Segment Start: DATA FOR REVIEW
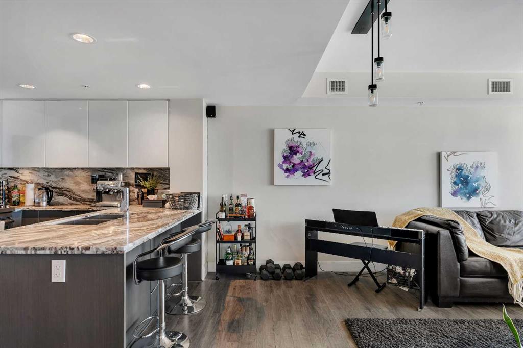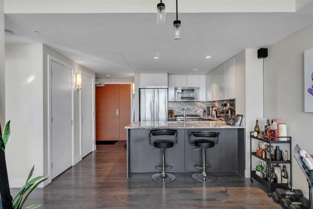 Life in East Village connects modern design with one of Calgary’s most dynamic urban settings, where river pathways, culture, and dining sit just steps from home. South exposure fills this upgraded residence with natural light while showcasing sweeping skyline views that define the downtown experience. An open-concept layout brings everyday living and entertaining together with ease, anchored by a chef-inspired kitchen designed for both function and style. Full-height cabinetry extends storage, granite coun...
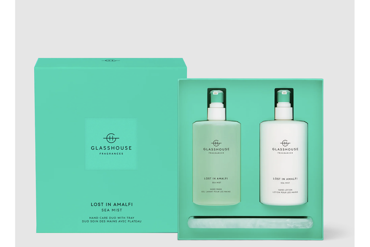 Contains: 1 x 450mL Hand Lotion, 1 x 450mL Hand Wash, 1 x Bespoke Resin Tray.
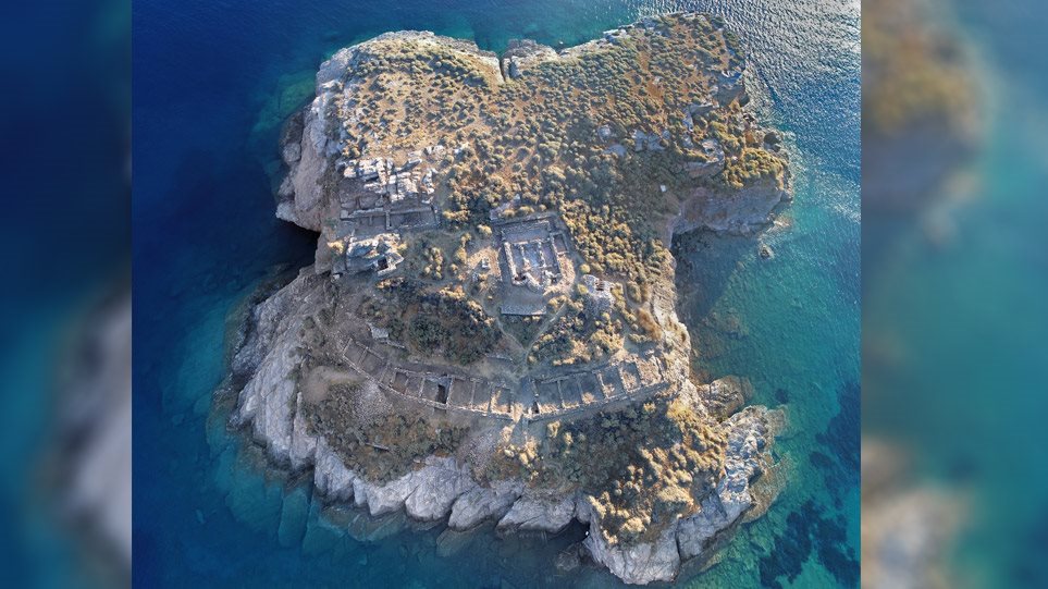 Το κτηριακό συγκρότημα των Πρωτοβυζαντινών χρόνων συγκροτείται από έναν περίβολο με οχυρωματικό χαρακτήρα συνολικού μήκους 76 μέτρων με το τείχος (μέσου πλάτους 1,20-1,50 μέτρων) που φράσσει την μοναδική πρόσβαση στην νησίδα προς την μεριά του αρχαίου λιμανιού. Στο εσωτερική του πλευρά αναπτύσσονται 15 ορθογώνια δωμάτια σε παράταξη και με είσοδο το καθένα προς το εσωτερικό της βραχονησίδας.
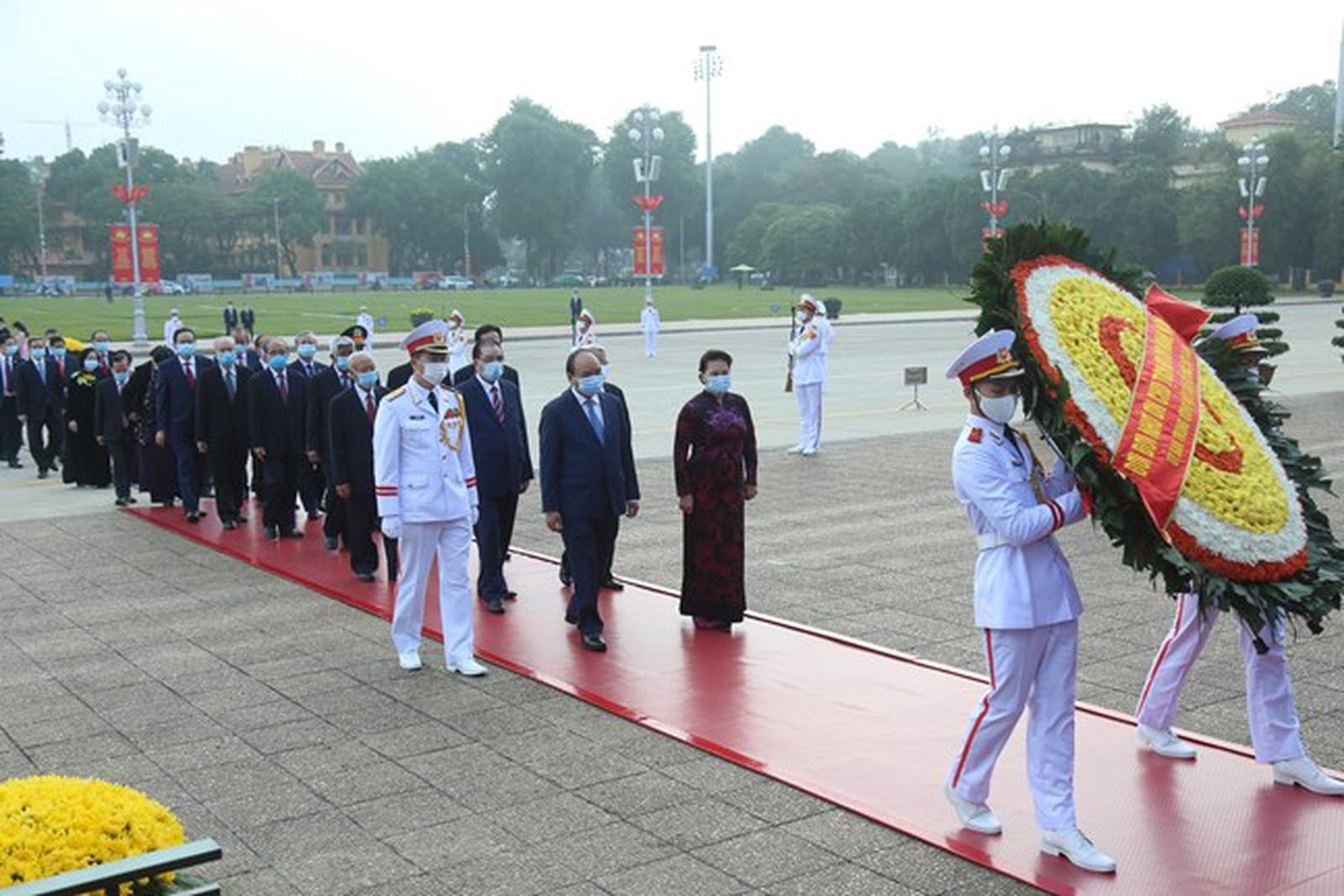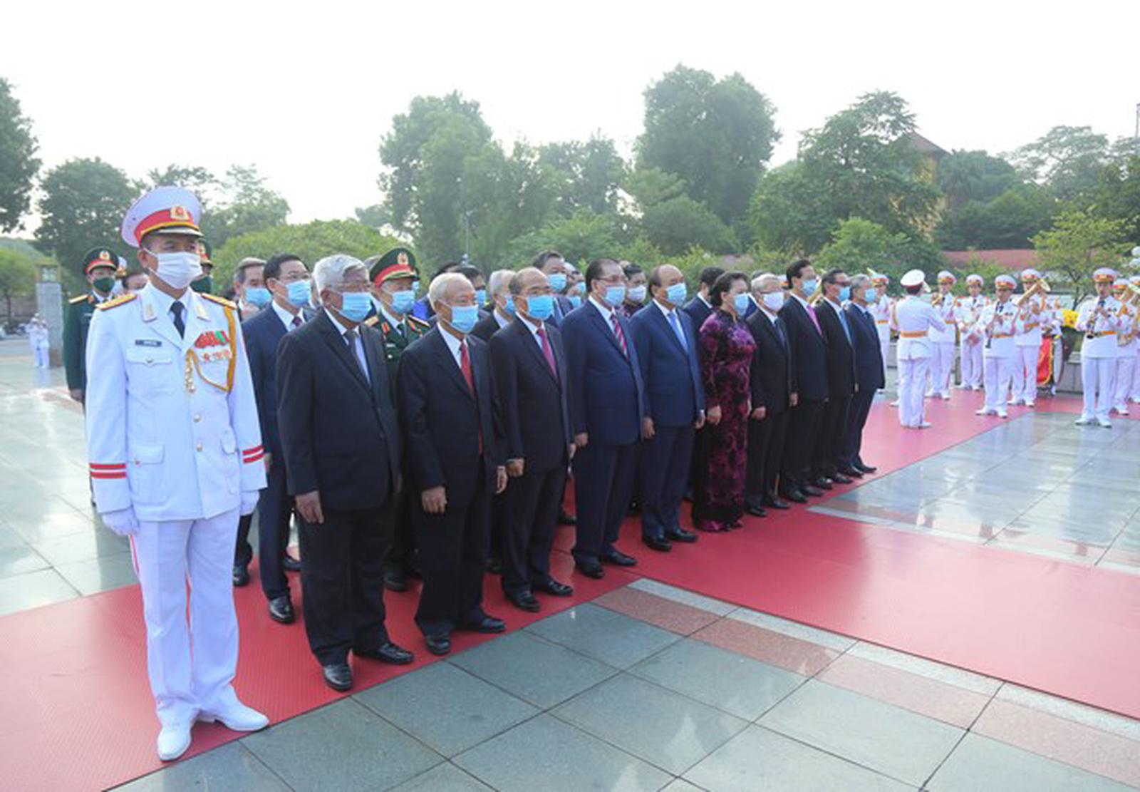 Lãnh đạo, nguyên lãnh đạo Đảng, Nhà nước, MTTQ Việt Nam vào Lăng viếng Chủ tịch Hồ Chí Minh. Ảnh: Kì Anh
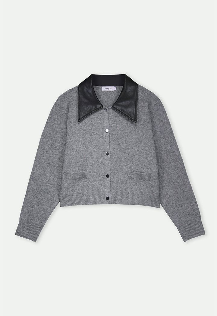 A cardigan with a contrast PU Leather collar combining comfort with a modern edge .
Segment End: DATA FOR REVIEW
* _WORK TASK_
Transcribe exactly, please, the lines between the start of the records above and the line holding "Contains: 1 x", counting both of those lines and omitting pictures.

* _EXPECTED ANSWER_
 Life in East Village connects modern design with one of Calgary’s most dynamic urban settings, where river pathways, culture, and dining sit just steps from home. South exposure fills this upgraded residence with natural light while showcasing sweeping skyline views that define the downtown experience. An open-concept layout brings everyday living and entertaining together with ease, anchored by a chef-inspired kitchen designed for both function and style. Full-height cabinetry extends storage, granite coun...
 Contains: 1 x 450mL Hand Lotion, 1 x 450mL Hand Wash, 1 x Bespoke Resin Tray.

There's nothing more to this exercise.